Abstract:As machine learning (ML) has seen increasing adoption in safety-critical domains (e.g., autonomous vehicles), the reliability of ML systems has also grown in importance. While prior studies have proposed techniques to enable efficient error-resilience techniques (e.g., selective instruction duplication), a fundamental requirement for realizing these techniques is a detailed understanding of the application's resilience. In this work, we present TensorFI, a high-level fault injection (FI) framework for TensorFlow-based applications. TensorFI is able to inject both hardware and software faults in general TensorFlow programs. TensorFI is a configurable FI tool that is flexible, easy to use, and portable. It can be integrated into existing TensorFlow programs to assess their resilience for different fault types (e.g., faults in particular operators). We use TensorFI to evaluate the resilience of 12 ML programs, including DNNs used in the autonomous vehicle domain. Our tool is publicly available at https://github.com/DependableSystemsLab/TensorFI.

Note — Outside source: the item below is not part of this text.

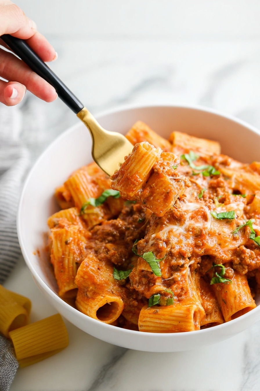 - Don’t overcook the pasta: Leaving rigatoni slightly under al dente helps it soak up the sauce without turning mushy the next day.
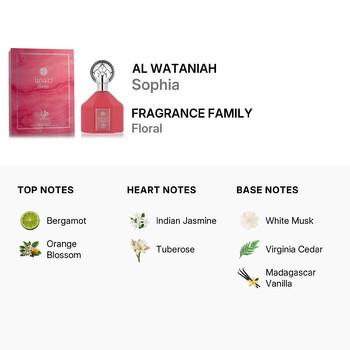 Designed by Al Wataniah, a renowned Middle Eastern fragrance house, Sophia reflects the brand’s commitment to quality, luxury, and tradition. This Eau de Parfum Spray is ideal for the modern woman who appreciates a blend of classic charm and contemporary sophistication.

Abstract:With the emerging adoption of deep neural networks (DNNs) in the HPC domain, the reliability of DNNs is also growing in importance. As prior studies demonstrate the vulnerability of DNNs to hardware transient faults (i.e., soft errors), there is a compelling need for an efficient technique to protect DNNs from soft errors. While the inherent resilience of DNNs can tolerate some transient faults (which would not affect the system's output), prior work has found there are critical faults that cause safety violations (e.g., misclassification). In this work, we exploit the inherent resilience of DNNs to protect the DNNs from critical faults. In particular, we propose Ranger, an automated technique to selectively restrict the ranges of values in particular DNN layers, which can dampen the large deviations typically caused by critical faults to smaller ones. Such reduced deviations can usually be tolerated by the inherent resilience of DNNs. Ranger can be integrated into existing DNNs without retraining, and with minimal effort. Our evaluation on 8 DNNs (including two used in self-driving car applications) demonstrates that Ranger can achieve significant resilience boosting without degrading the accuracy of the model, and incurring negligible overheads.